Jeanette gave her a quizzical look. "Love? The Unity is love, complete and unconditional. It is bliss that increases every time a new mind is added. No one will need love outside the Unity. The only need will be the craving to add new minds, more and more, expanding our billions."
Kate backed further away from this puppet that had once been Jeanette, edging toward the kitchen. But something within wanted her to stay close to her and was making it difficult to move, the same something that was trying to soothe her riled emotions, calm her fears, ease her anger.
But she forced her legs to move, to inch toward the kitchen.
"That's not a human agenda, Jeanette. That's a viral agenda. It's aimed at one thing: more hosts in which to replicate. A virus is a parasite—the ultimate parasite. It can't even reproduce on its own. It enters a cell, co-opts the cellular machinery, then reprograms it to create copies of itself so it can go occupy more cells. That's what this whole plan is about, Jeanette: creating more hosts for the virus."
Jeanette followed her, a missionary trying to convert a heathen. She reached out but Kate avoided her touch.
"You don't understand, Kate. An outsider cannot possibly understand the Unity."
Kate felt as if she were wading against a current in chest-high water as she fought her way into the kitchen toward the microwave, and fought the anger-and fear-numbing tranquillity forcing its way through her mind.
"Oh, but I do. I understand perfectly: the Unity is the virus. In taking over your brains it's imprinted its agenda on your minds—or on your uber-mind or whatever it is. Be fruitful and multiply… and multiply… and multiply—and create nothing else. That's a virus's code of ethics, and that's what you're spouting."
Jeanette moved closer, her expression intense.
"Think of it, Kate. No nations, no borders. No me and not-me, no mine and not-mine—the sources of all conflict. Nothing can belong to anyone when everything belongs to everyone. The Unity future—"
"—is a sterile existence, Jeanette!" Hard to speak now. Her words slurred, her thoughts sludged. And Jeanette was closer, still reaching for her. "You want to turn humanity into a homogeneous mass of content, well-fed, healthy bodies in a healthy environment where we can breed like rabbits. You say you'll do away with livestock, Jeanette, but the truth is you'll become livestock!" Kate whirled, punched random buttons on the microwave over control panel. "And I refuse to live like that!"
Kate hit START.
And suddenly her mind cleared, her limbs freed up.

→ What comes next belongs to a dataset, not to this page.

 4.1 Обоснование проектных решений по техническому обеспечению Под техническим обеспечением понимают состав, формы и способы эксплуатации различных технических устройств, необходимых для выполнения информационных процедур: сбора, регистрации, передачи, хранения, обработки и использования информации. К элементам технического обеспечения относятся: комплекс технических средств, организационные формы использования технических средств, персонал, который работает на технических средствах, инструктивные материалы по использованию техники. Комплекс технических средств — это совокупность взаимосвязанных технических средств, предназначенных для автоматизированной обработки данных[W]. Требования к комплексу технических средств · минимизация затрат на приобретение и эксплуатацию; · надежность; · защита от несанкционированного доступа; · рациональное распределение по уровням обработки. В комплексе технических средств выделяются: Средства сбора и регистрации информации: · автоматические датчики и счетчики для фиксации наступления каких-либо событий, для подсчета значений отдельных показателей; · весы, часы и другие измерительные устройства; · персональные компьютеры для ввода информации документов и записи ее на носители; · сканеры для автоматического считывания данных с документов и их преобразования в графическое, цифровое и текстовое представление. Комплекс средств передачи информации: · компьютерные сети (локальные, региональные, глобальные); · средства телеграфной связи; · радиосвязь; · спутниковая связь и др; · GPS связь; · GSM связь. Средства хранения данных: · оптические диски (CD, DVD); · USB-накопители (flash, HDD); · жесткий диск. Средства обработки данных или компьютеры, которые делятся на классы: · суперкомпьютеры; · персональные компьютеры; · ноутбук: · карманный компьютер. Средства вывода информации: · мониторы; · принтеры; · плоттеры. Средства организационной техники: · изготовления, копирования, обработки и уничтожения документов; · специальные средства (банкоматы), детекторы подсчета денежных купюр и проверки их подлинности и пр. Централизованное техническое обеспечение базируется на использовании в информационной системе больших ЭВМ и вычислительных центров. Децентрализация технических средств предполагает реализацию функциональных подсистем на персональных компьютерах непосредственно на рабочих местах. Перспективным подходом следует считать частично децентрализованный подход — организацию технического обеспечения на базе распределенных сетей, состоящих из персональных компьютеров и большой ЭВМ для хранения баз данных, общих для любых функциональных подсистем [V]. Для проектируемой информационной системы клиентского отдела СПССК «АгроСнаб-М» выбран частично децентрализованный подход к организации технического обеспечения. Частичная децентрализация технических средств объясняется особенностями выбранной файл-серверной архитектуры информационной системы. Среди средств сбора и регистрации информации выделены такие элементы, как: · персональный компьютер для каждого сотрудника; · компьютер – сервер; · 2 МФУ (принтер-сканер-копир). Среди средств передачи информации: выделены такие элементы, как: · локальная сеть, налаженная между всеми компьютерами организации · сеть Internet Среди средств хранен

"Thank goodness!" she said. She turned to Jeanette. "Now we can really talk."
But Jeanette stood facing her, shaking her head and smiling ruefully.

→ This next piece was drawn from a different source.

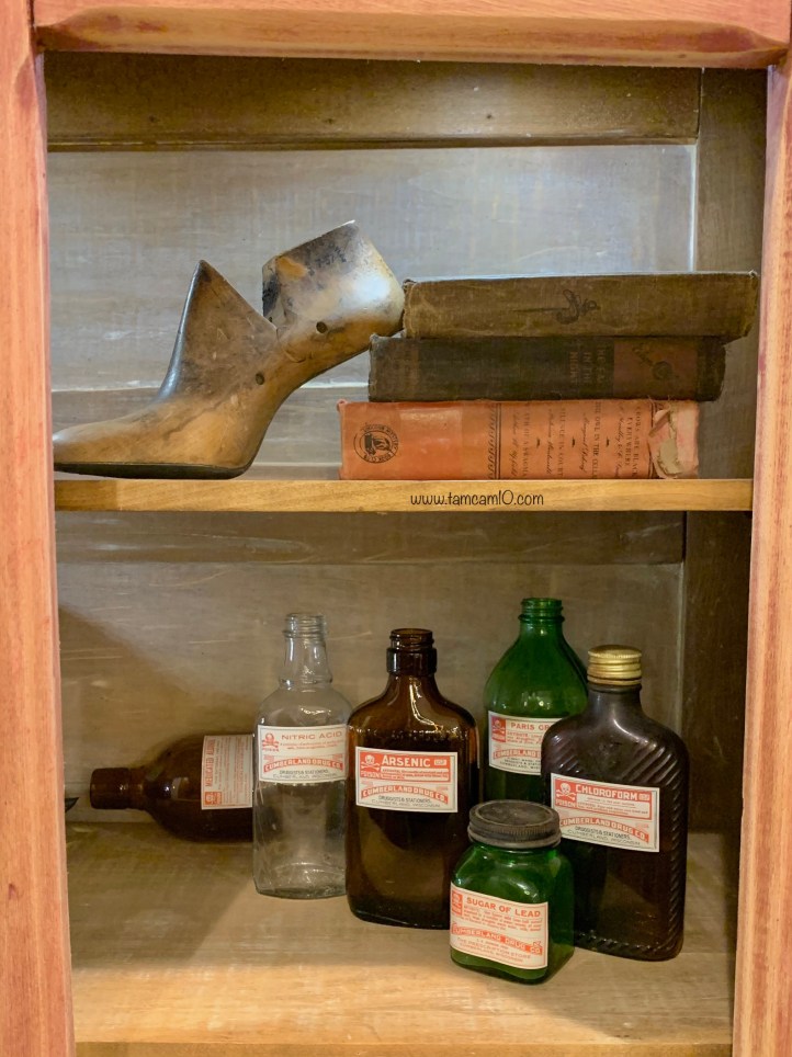 What Halloween decor is not complete with some poison bottles? Even though the bottles are fake the labels are real from a local Pharmacy.

"If you're looking for the old me, that won't work anymore. Not on me. I'm fully integrated now. The old me is gone, shucked like a worn-out skin. There's only the new me now."

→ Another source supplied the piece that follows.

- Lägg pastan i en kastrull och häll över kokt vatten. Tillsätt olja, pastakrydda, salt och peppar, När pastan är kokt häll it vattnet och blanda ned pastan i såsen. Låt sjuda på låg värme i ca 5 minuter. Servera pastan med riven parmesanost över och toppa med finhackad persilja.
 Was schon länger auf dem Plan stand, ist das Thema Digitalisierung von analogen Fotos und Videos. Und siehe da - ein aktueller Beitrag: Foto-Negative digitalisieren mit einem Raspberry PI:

Kate felt her breath clog in her throat. "Oh, no."
"The Unity doesn't understand why, but the vibrations caused by microwaves interfere with oneness in the unintegrated, causing the Unity to become blind to you. But it's only temporary. Once you're fully integrated, nothing can come between you and the Unity."
Kate's vision blurred as tears filled her eyes. Jeanette was gone, replaced by this… drone.